Same-sex seen as
non-issue for tourism

Travel companies say they don’t expect
a major impact on business

By Russ Lynch
Star-Bulletin



Major mainland travel companies that send tourists to Hawaii say their market won't be hurt by publicity over a state court ruling favoring gay marriages.

To them it's a nonissue and one major supplier in the Chicago area says Hawaii's tourist business will gain from it.

One of the biggest wholesalers of mainland-Hawaii tour packages, Westlake Village, Calif.-

based Pleasant Hawaiian Holidays, said the step toward allowing same-sex couples to marry won't make a difference.

"People are going to travel to Hawaii for reasons other than marriage," said Ken Phillips, a spokesman for Pleasant Hawaiian.

"We don't at this point see any significant impact one way or another," Phillips said.

Executives at his company have talked the issue over and don't agree with critics who say that gays and lesbians heading to Hawaii to get married will make the islands unpalatable to heterosexual vacationers.

"We don't see that as a factor," Phillips said.

Neither does Richard Kelley, chairman of Outrigger Hotels & Resorts, which operates more hotel rooms in Waikiki than anyone else.

"I don't see it as making a great deal of difference," Kelley said. He also said he doesn't expect many more gay and lesbian tourists coming to Hawaii 'than usual.

On Tuesday, Circuit Judge Kevin Change ruled that the state ban on same-sex marriages violates the Hawaii constitution. Yesterday, he stayed the ruling until the case is heard in state Supreme Court.

President Clinton in late September signed into law a marriage preservation act that allows states to make their own laws on the subject but also allows states to decline to recognize homosexual marriages that took place in other states.

"That really put a whole different complexion on it," Kelley said. People won't be able to come to the islands to get married and go home and have their marriages recognized, he said.

If anything publicity over this week's Hawaii court decision, brings attention to Hawaii as a tolerant place, said Paul Unger, vice president of marketing at Go Go Worldwide Vacations.

"It's definitely favorable," said Unger, whose New Jersey-based company has special Hawaii tours for gays and lesbians along with its standard Hawaii business.

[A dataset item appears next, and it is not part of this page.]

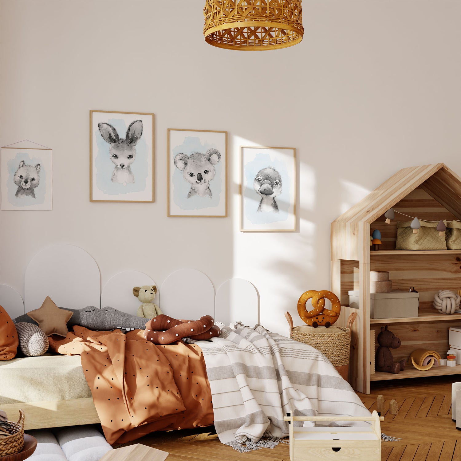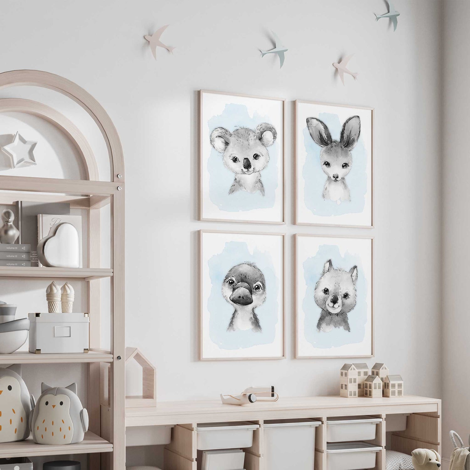 Create a calm and comforting nursery with this soft animal portrait wall art set, featuring a koala, kangaroo, platypus and wombat. Available in a choice of blue or pink watercolour backgrounds, this gentle set is perfect for baby bedrooms and kids spaces.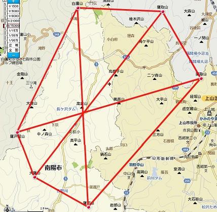 32 鷹取山(山形県山形市大字柏倉付近) 遠い洋野町の高取山と対をなして東征隊が北から南下したことを遺したものと思います。近くの富神山のほうが目立つが、この鷹取山も谷合にあるしっかりした山です。下段はこの付近にある六つの鷹山の分布図です。対山を結んだ中心が一点に集まり高倉山となる不思議があります。

"All you have to do is see what happened to Disney when Disney decided to grant certain benefits to companions. The religious right came along and promoted a boycott (of Disney) but the whole thing was absurd. It was totally ineffective," Unger said.

"If they decide to crusade against Hawaii for the same reason, it will be totally ineffective," he predicted.

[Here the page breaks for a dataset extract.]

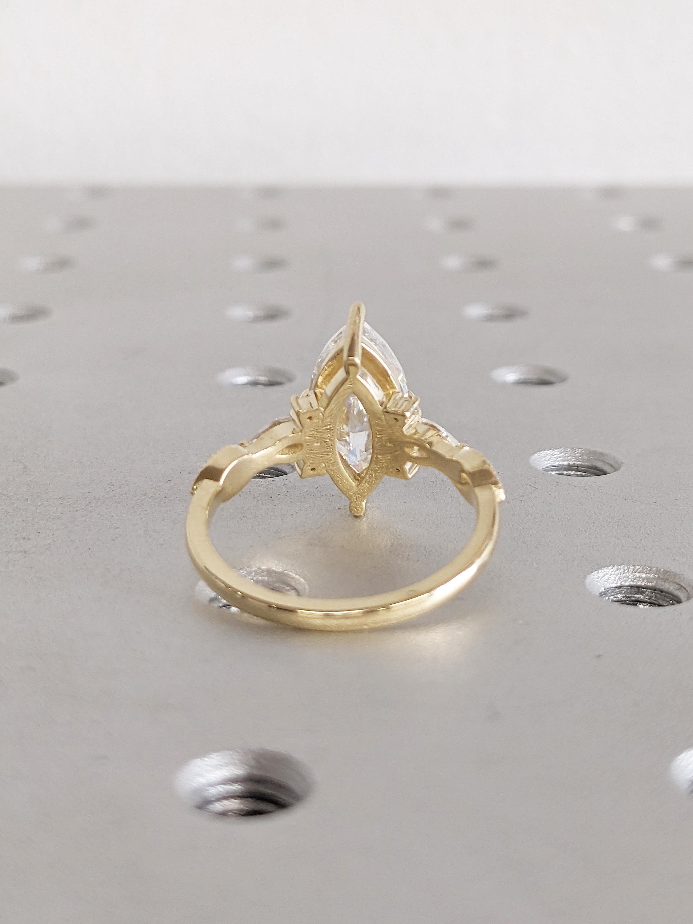 Lab Grown Diamond Engagement Ring, Art Deco 14k Gold Solid 2.5ct Marquise Ring, Unique Women Wedding Ring, Wedding Anniversary Gift for Wife

Paul Casey, president of the Hawaii Visitors & Convention Bureau, was not available for comment but Gail Chew, HVCB vice president of communications, said Casey has taken no position on the issue.

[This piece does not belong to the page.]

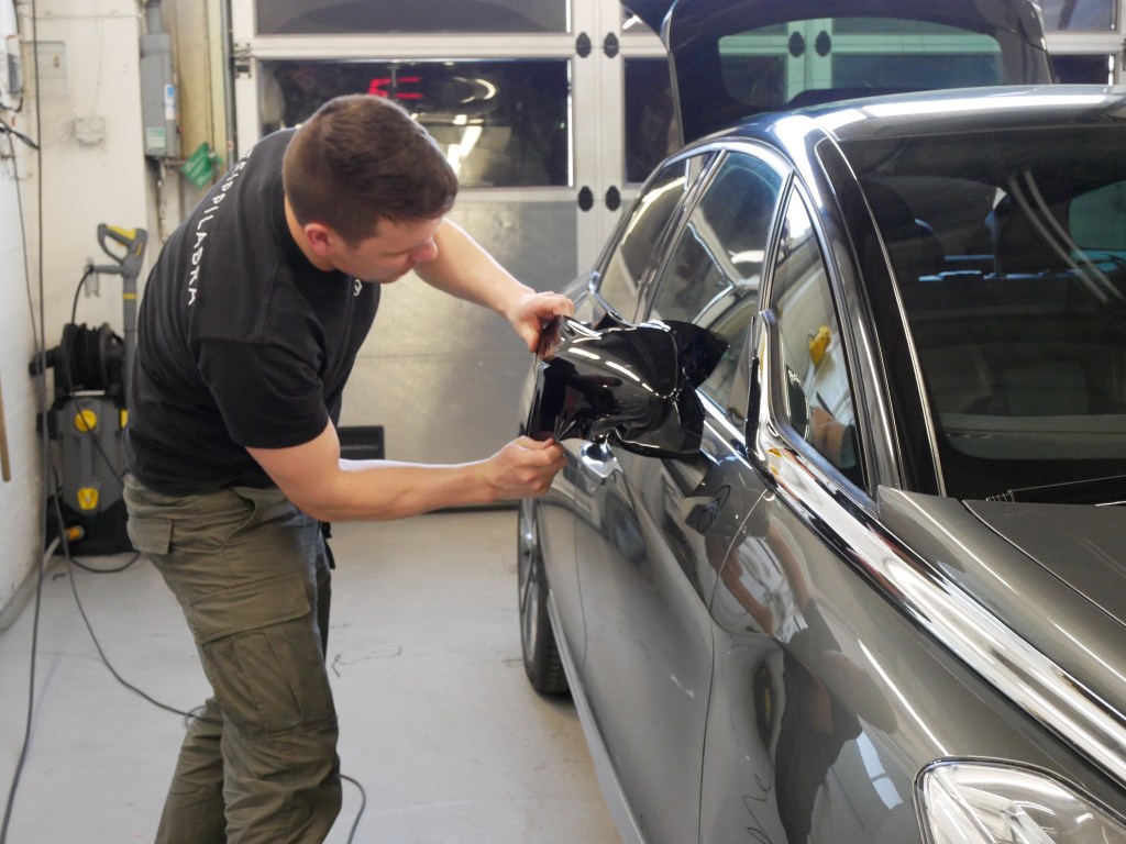 Lopulta päädyttiin korostamaan auton panoraamakattoa teippaamalla A-pilari ja oven yläreunat kiiltävällä mustalla. Se sopii hyvin auton kiiltävän mustaan B-pilariin ja mustiin takasivulaseihin. Lisäksi peilin kopat teipattiin niin ikään kiiltävällä mustalla.

Keith Vieira, vice president and director of marketing at ITT Sheraton Hawaii, said, "We view it as having positives and negatives."

"We go after honeymooners. Potentially we would have some of that business. (But) we're not that niche-targeted," Vieira said.

He said he doesn't think people will stay away from Hawaii if it allows same-sex marriages.

"Hawaii has always been a relatively liberal state and open minded," Vieira said.